Human decision making

How to make a bad decision by Stephen J. Dubner and Steven D. LevittNovember 28, 2016 | New York times

Let’s say I flip a coin and it comes up heads. Now I flip it again — heads. One more time, heads again. If I were to flip the coin a fourth time, what would you predict would happen? A lot of people would say tails, definitely tails — even though we all know that a coin toss is a random event, and that each flip is independent of the previous ones, and that therefore the odds for any one toss is always 50-50. But that doesn’t sit well with most of us; we’re convinced that past random outcomes affect future random outcomes.

This is what’s known as the “gambler’s fallacy.” The name refers to a common misconception among rookie gamblers: that because a given slot machine hasn’t paid out in a while, it’s bound to pay out soon. Experiments have shown that our pattern-seeking brains often fall prey to the gambler’s fallacy, which leads us to make poor decisions — like dump a bunch of money into a slot machine.

Recent research by Yale economist Toby Moskowitz reveals that people’s susceptibility to the gambler’s fallacy isn’t restricted to coin-tossers and gamblers; important decision-makers in all manner of high-stake situations can fall into a similar trap: They allow their past decisions to affect future ones, often unconsciously.

Take baseball umpires, for example. Moskowitz’s recent paper “Decision-Making Under the Gambler’s Fallacy” (co-written with Daniel Chen and Kelly Shue) combed through data from more than 12,000 baseball games, which included roughly 1.5 million called pitches — that is, pitches where the batter doesn’t swing, leaving the umpire to decide whether the pitch is a ball or a strike — and 127 different home-plate umpires.
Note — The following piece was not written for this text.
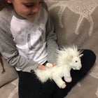 This soft and cuddly Steiff's Friends Floppy Unica Unicorn is made of white plush fabric with three elaborately embroidered stars on her hind quarters. With blue eyes, detailing on the nostrils and ears, it is a truly adorable gift. A longer plush fabric is used for the main and tail and beanbags in the hind quarters and hooves give the unicorn perfect stability. Topped off of course with a silver horn! A perfect present for any young prince or princess.
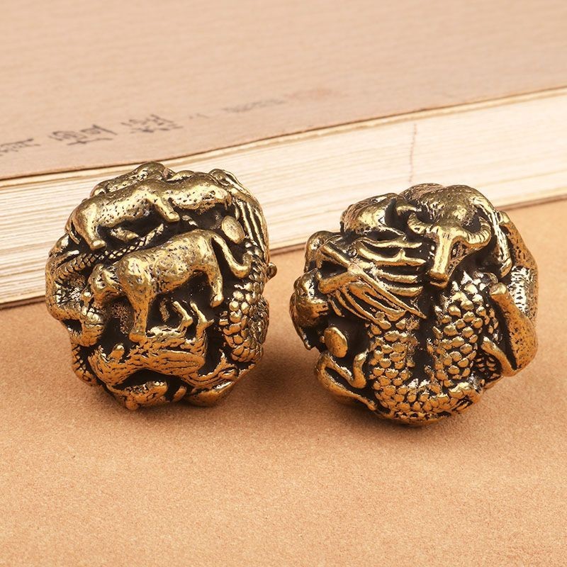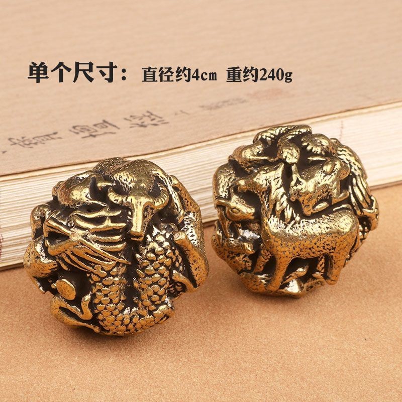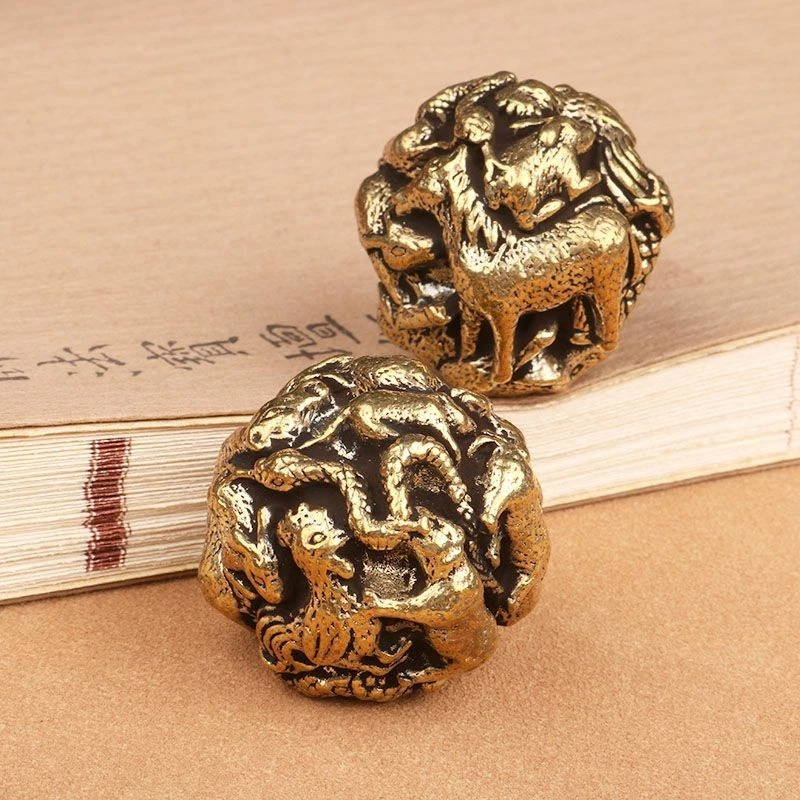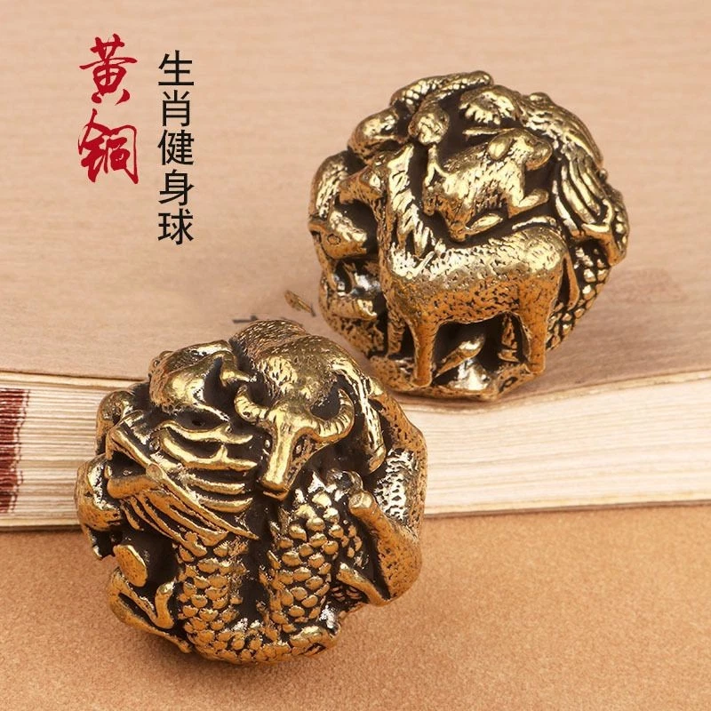 Solid Brass Zodiac Hand Exercise Balls Metal Walnut Style Massage Pair

Focusing on identical pitches that fell right on the line between a ball and a strike (i.e., the toughest calls), Moskowitz found that a pitch preceded by a strike call was about 3.5% less likely to be called a strike, and that this number was even larger if the pitch in question was preceded by two called strikes.

Or how about loan officers — the guys who decide whether banks lend us money? Using data from a separate study by Shawn Cole and others on employees at an Indian bank, Moskowitz and his research partners were able to show that, excluding all other factors, the order in which different loan officers reviewed the same set of loan applications influenced their decisions. For example, an officer who reviewed three positive applications in a row would be far more likely to deny the next one.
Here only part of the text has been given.